While your Tesla valuation figure is moving in the right direction, even in that timeframe you are still comparing apples to oranges:
- Toyota is a commodity ICE vehicles market supplier with stiff competition and razor-thin margins.
- Tesla owns the very lucrative, high-margin franchise/monopoly of premium EVs with no credible competition in sight, and such natural monopolies tend to be countercyclical and can grow faster or maintain sales better in recessions. (Not to mention the monopoly income and price setting power.)
- Tesla also has very high value intangibles which are not on the balance sheet: for example 100% margin software products that improve margins, such as AutoPilot. (If Tesla wanted to they could probably maintain $50b valuation from licensing AutoPilot and their integrated automotive software stack to other carmakers.)
These are all very important factors that differentiate Toyota and Tesla.
What this amounts to is an argument that Tesla ought to have a higher P/E than industry peers due to growth prospects and technological competitiveness. That is a premium — Tesla's P/E ought to be higher than the industry precedent. It's not a discount to the P/E of Toyota, which doesn't seem to have changed all that much same pre-Roadster and post-Roadster.
So, it comes down to qualitative factors, rather than simply multiplying metrics by multiples. That, if anything, is my point.
I don't agree that electric car manufacturing is a natural monopoly. It seems to be as much a commodity business in the long run as gasoline car manufacturing. There may be a ~5 year lag (give or take a few years) where Tesla pulls ahead and gains an outsized share of the global auto market. Say your investment time horizon is 20 years. Let's imagine autonomy never happens. Are there strong reasons to believe Tesla will have a 50%+ share of the global EV market in 20 years? Won't batteries and electric drivetrains simply become commoditized by then?

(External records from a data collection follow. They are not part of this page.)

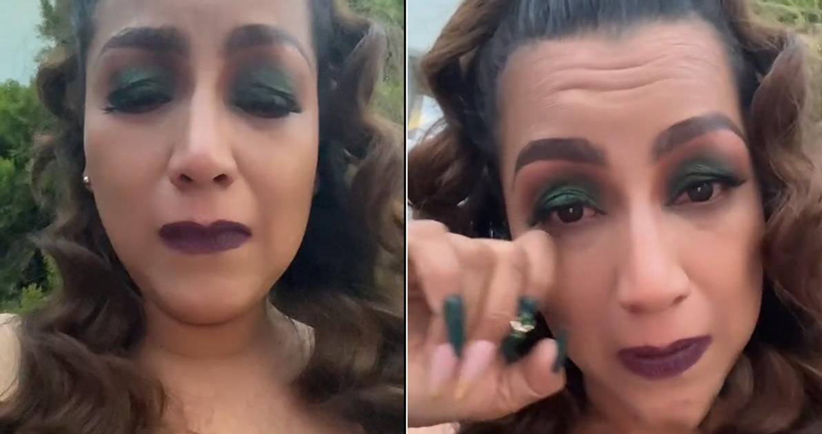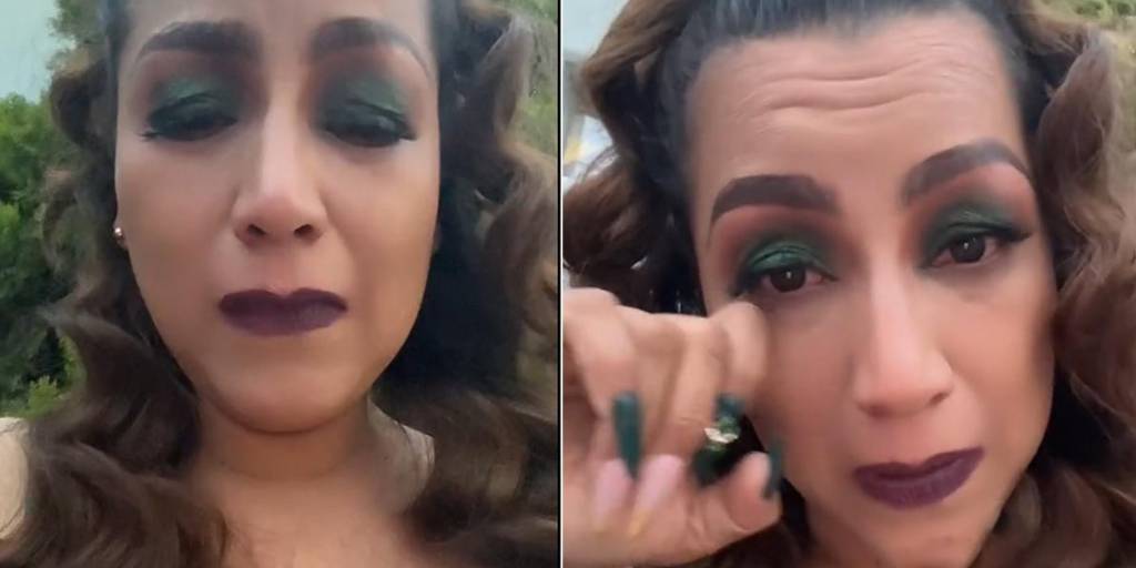 “Miren mi vestido me lo compré con mucho amor, me maquillé en fin”, explica la mujer.
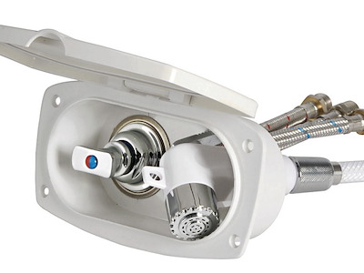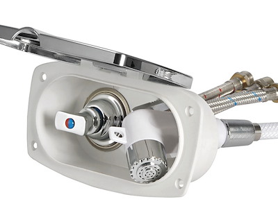 Doccia in plastica con testa cromata, vano di alloggiamento bianco in ASA UV resistente. Completa di rubinetto miscelatore acqua calda/ fredda. Montaggio in piano o a parete.
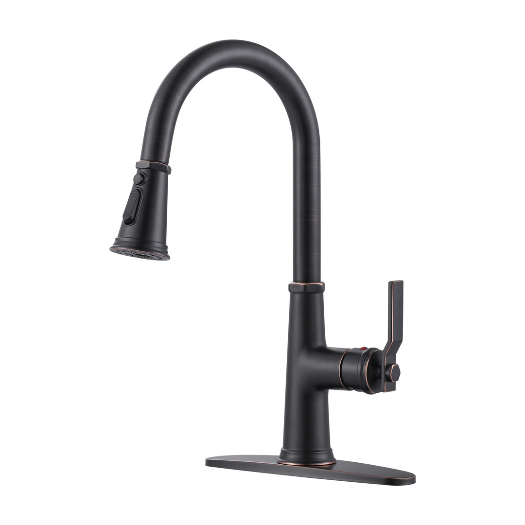 The unique point of this pull down faucet is that it comes with an industrial style full of character. Designed with the shape of a nut at the handle and spray head, this faucet will give you a great experience if you like this style. The 3-function spray head can be a good solution for various cleaning tasks in the kitchen.
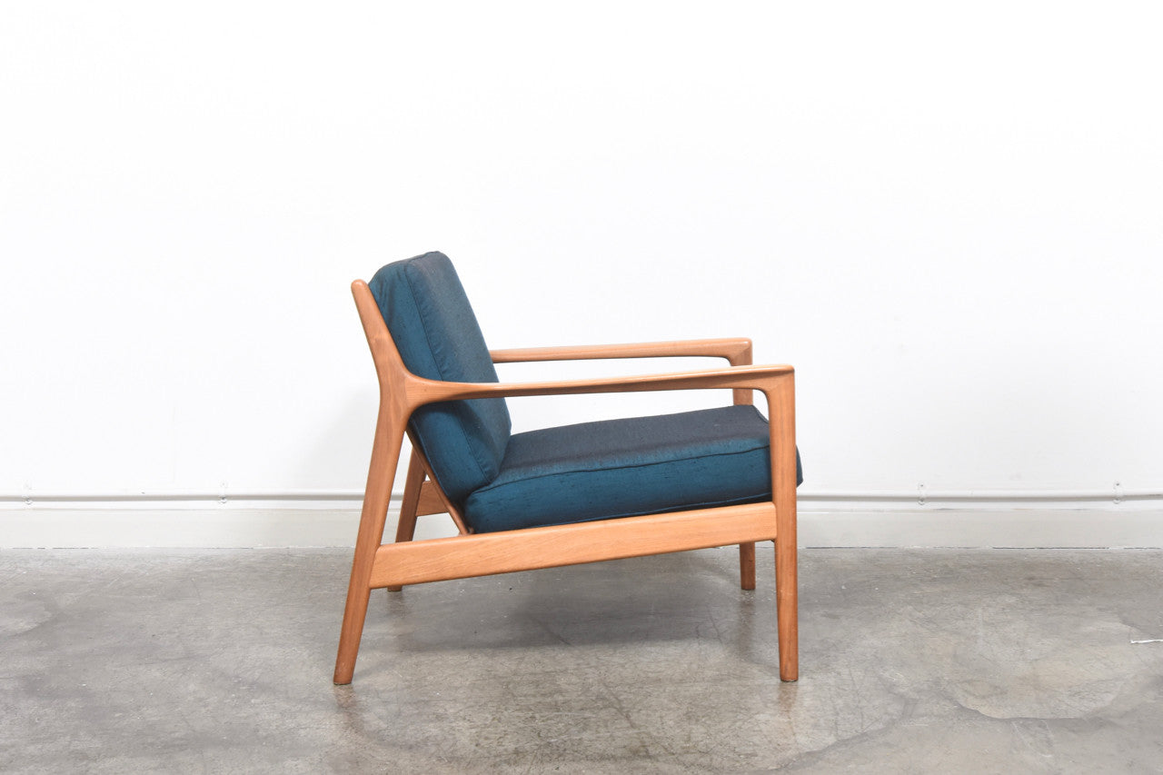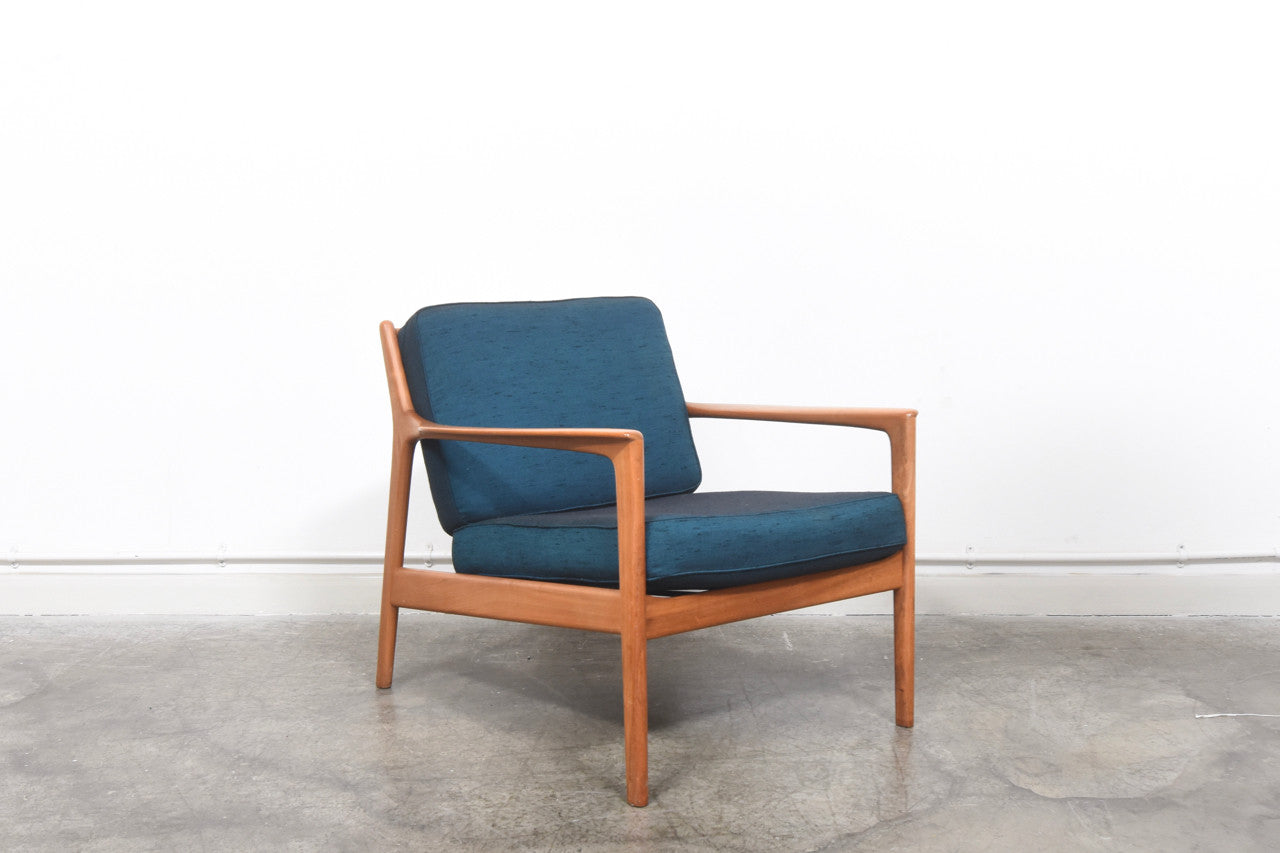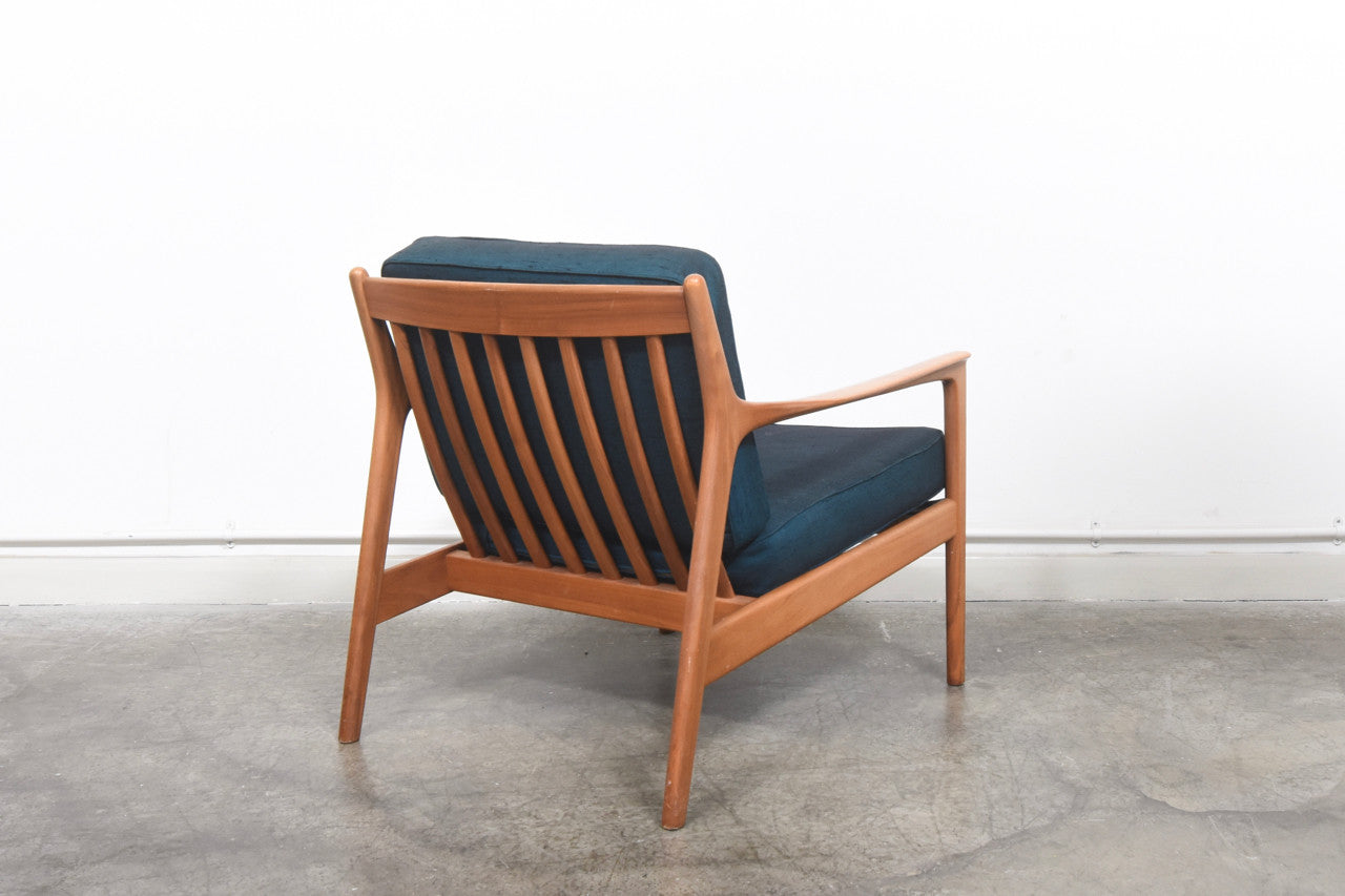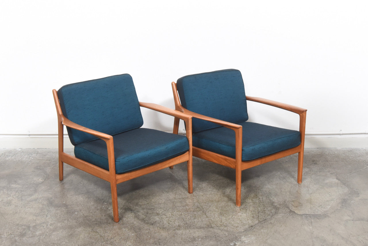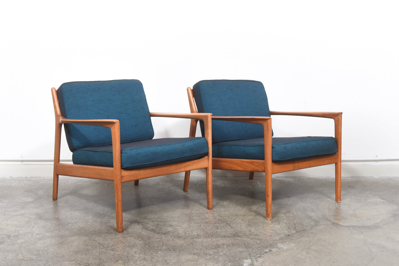 Stunning pair of model USA 75 low back lounge chairs designed by Folke Ohlsson for DUX. Chairs feature walnut frames and their original covers with new foam cushions. Sweden, 1960s.
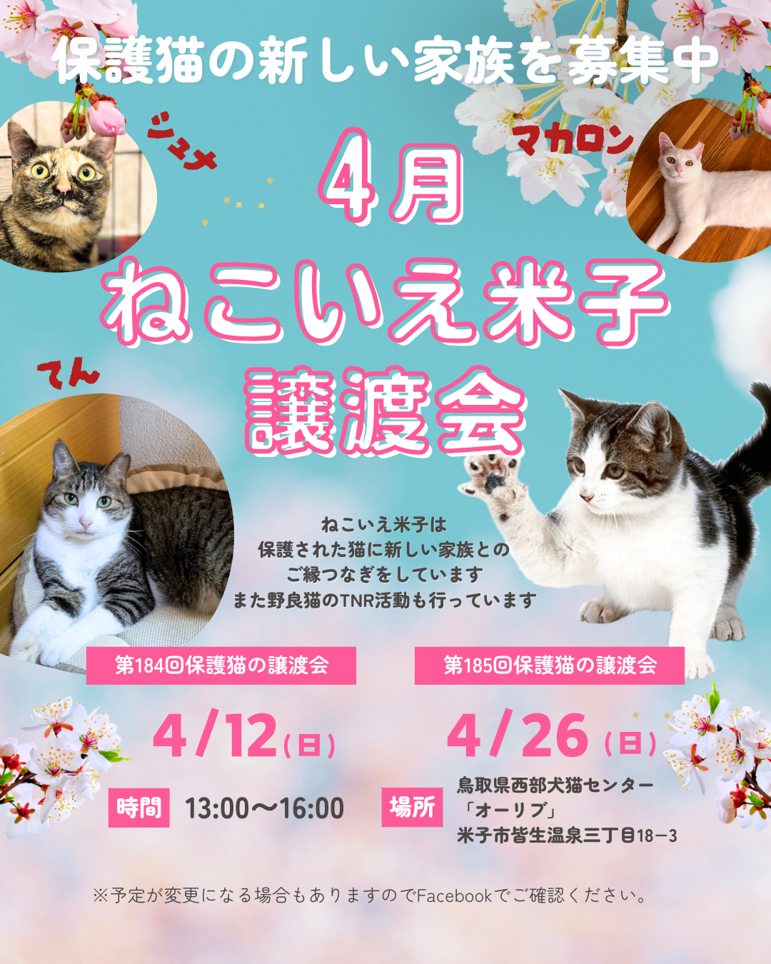 4月12日(日)13時から16時まで会場:鳥取県西部犬猫センター「オーリブ」

If your investment timeframe is 5 years, I can see you have a different picture of things. But if your timeframe is 5 years, that also limits your potential to capture a piece of the longer-term growth in Tesla's value. So if your time horizon is more like 10+ years, then I think you have to consider the likelihood of the commoditization of EV technologies in the long run. In which case maybe it makes more sense to model Tesla as having a 10% or 20% global market share, rather than 50% or 60%. At a 10% or 20% market share what would Tesla be worth?
Well, look at the automakers today who have a ~10% market share, like Toyota, Volkswagen, and GM. Look at their valuations. Is there any reason why an EV company 20 years from now would have a higher valuation than them?
One possibility is capital efficiency. EVs might require half as much capital to manufacture. Then again, wouldn't that lower the barrier to entry, increase competition, and drive prices down? I'm not quite sure how to think about this.